Strong Court Ruling Upholds the Artistic License (fwd)
Tzeng, Nigel H.
Nigel.Tzeng at jhuapl.edu
Sun Aug 17 19:22:18 UTC 2008
>From: Ben Tilly [mailto:btilly at gmail.com]
>I therefore find it hard to believe that anyone who has read the
>decision could fail to understand that precedent was *not* ignored.
I might ask for clarification to understand why they state what they
stated since I gathered from his post that he read the decision.
He could, of course, be wrong.
>When added to the repeated comments that say that the open source
>community should want the exact opposite of what most in that
>community do, in fact, want, I had to ask whether the post was
>intended to generate hostile responses rather than useful dialog.
I found this paragraph to be interesting:
"The CAFC's Jacobsen decision unwittingly attempts to radically change
the risks of licensing software. The CAFC states that any failure to
comply with a license provision that the license even generally calls
a "condition" is an infringement rather than a breach. Thus, any
licensee that violates the "conditions" of a license, even if
unintentional, is subject to infringement damages."

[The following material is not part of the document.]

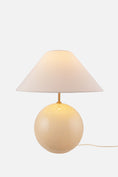 Den ljuva bordslampan Iris är som en liten karamell som lyser upp rummet med sin glada färg och uttryck. Inspirationen till lampan fann formgivaren Erika Norén i den gamla traditionella bordslampan till sin form, en helt vanlig lampa, med en klotformad lampfot och en traditionell lampskärm. Genom att addera några samtida detaljer såsom lampfoten i genomfärgat glas, med detaljer som oregelbundna inblåsta bubblor och en matchande lampskärm i bomull med täckt topp och som går ton-i-ton med lampfoten, känns lampan som en självklar inredningsdetalj i många samtida inredningar. Lampan är aningen större i storleken och passar utmärkt att placera på och lysa upp ett sidobord, större byrå eller i ett djupare fönster. Lampan har en 200 cm lång beige, pärlemorfärgad textilkabel med brytare och stickkontakt. Notera att luftbubblorna i glaset varierar i storlek och skapar ett unikt mönster för varje lampa, därför kan lampan just du får avvika en aning från bilderna.
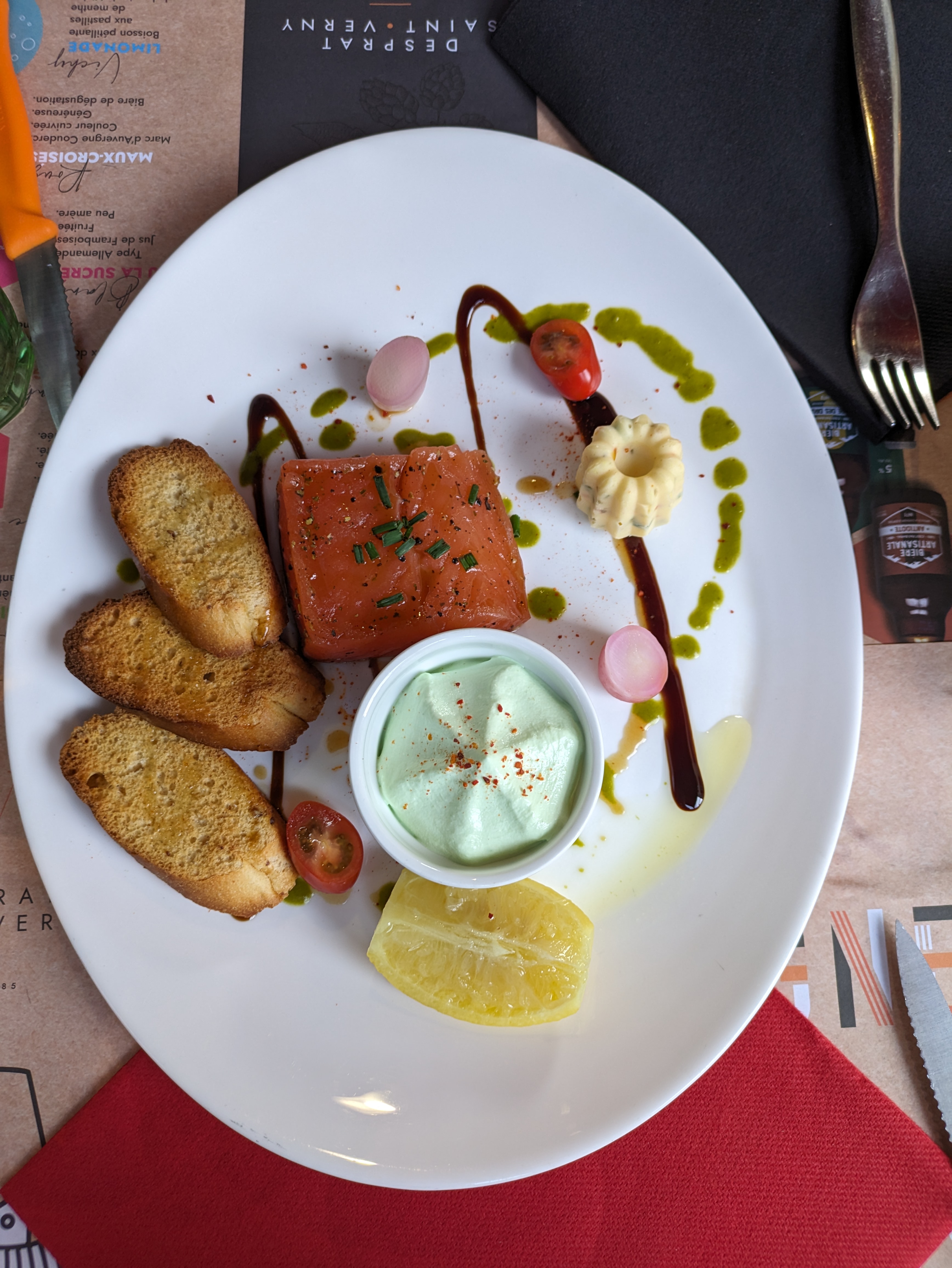 Quelle belle découverte ! Tout est bien : l'accueil cordial, la serveuse très dispo et sympa, les menus offrent un choix certes un peu limité mais de qualité. En entrée, le sashimi de longe de thon était à tomber par terre suivi d'une côte de veau aux herbes savoureuse puis la crème brulée extra. Que du bonheur ! Et, en plus très bon rapport qualité/prix. Quand je retournerai à Aurillac, je sais où j'irai manger !!

I don't know if the analysis is correct but if so I would find it not entirely
euphoric.
That there was a certain bias was obvious when the terms "Mr. Moglen
and his followers" and "wishful thinking" was used. It's always useful
to understand where folks are coming from when evaluating what they
say/write.
That said, Mr. Moglen does have a position and followers that are not
always aligned with open source but the goals of the FSF. There are
important differences between the two.
I read what Mr. Moglen writes with great interest but I keep in mind
two things:
1) He's an advocate for a certain position and not just a lawyer. This
position is somewhat similar but not identical to my own. Therefore
certain strategies are good for him but not necessarily good for me.

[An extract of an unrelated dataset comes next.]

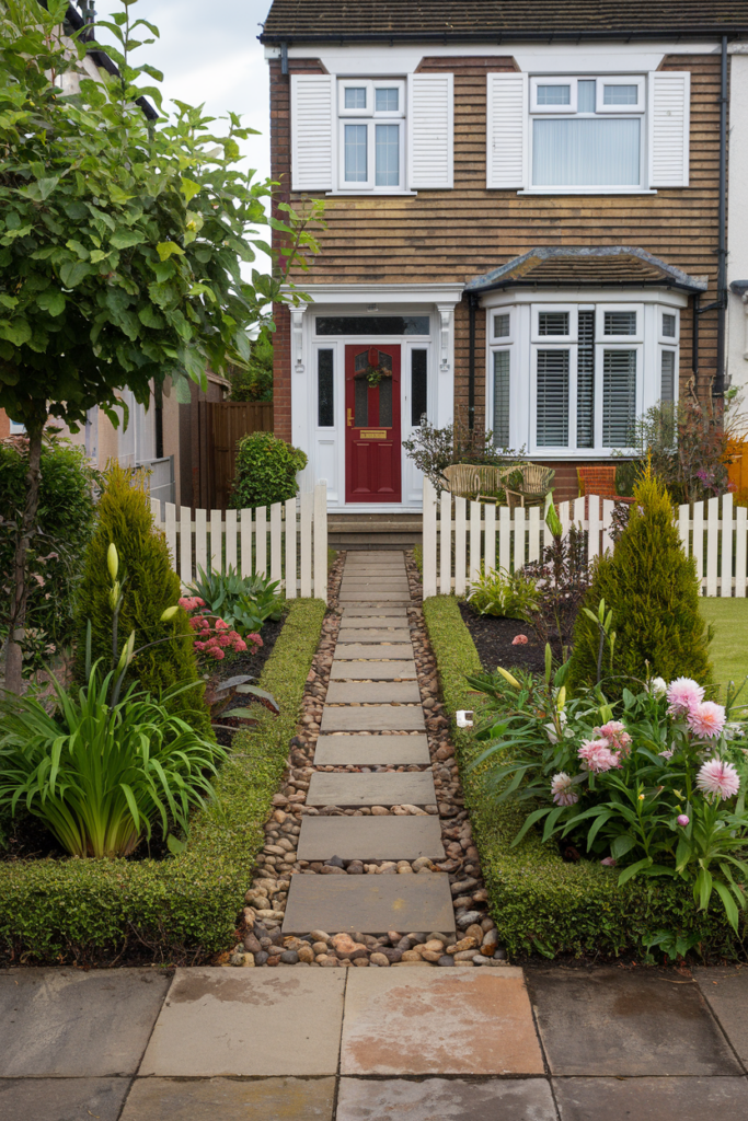 The design is neat, tidy, and visually balanced, using the repeating elements of the stepping stones and the clean hedges to create a sense of order. The white picket fence adds an immediate, classic layer of charm and definition.

That's okay, of course, since he's not my lawyer. Neither is he the
lawyer for the OSF.
2) In his profession, reality is whatever he can convince a judge to
say is reality. Therefore he can argue with complete sincerity and
conviction that reality is X if he believes he has a strong enough
case to have X upheld.
Even if !X can also be argued with complete sincerity and conviction
by a different lawyer for the same reasons...
In our profession, reality is whatever we can convince our compilers
to accept as reality. :)
>To complete the analogy your professional opinion should be
>diametrically opposed to all other publicly available information, and
>your opinion should repeatedly say that people don't want what they
>say they do, and do want what they say they don't.
I wonder sometimes if we really understand what we want from a legal
perspective. I read this more as a "beware what you ask for" kind
of warning.
As in "we got our victory but it comes with some baggage".
>My understanding is that software copyright holders enjoy the exact
>same rights as other copyright holders. The difference is that in
>software we tend to use copyrighted material in different ways.
Some lawyers disagree with respect to EULAs, licensing vs ownership,
etc. Perhaps Jacobsen v. Katzer is not a good example of this. I was
following the Blizzard case with more interest.
I look forward to Marc Whipple's assessement of the OP's piece.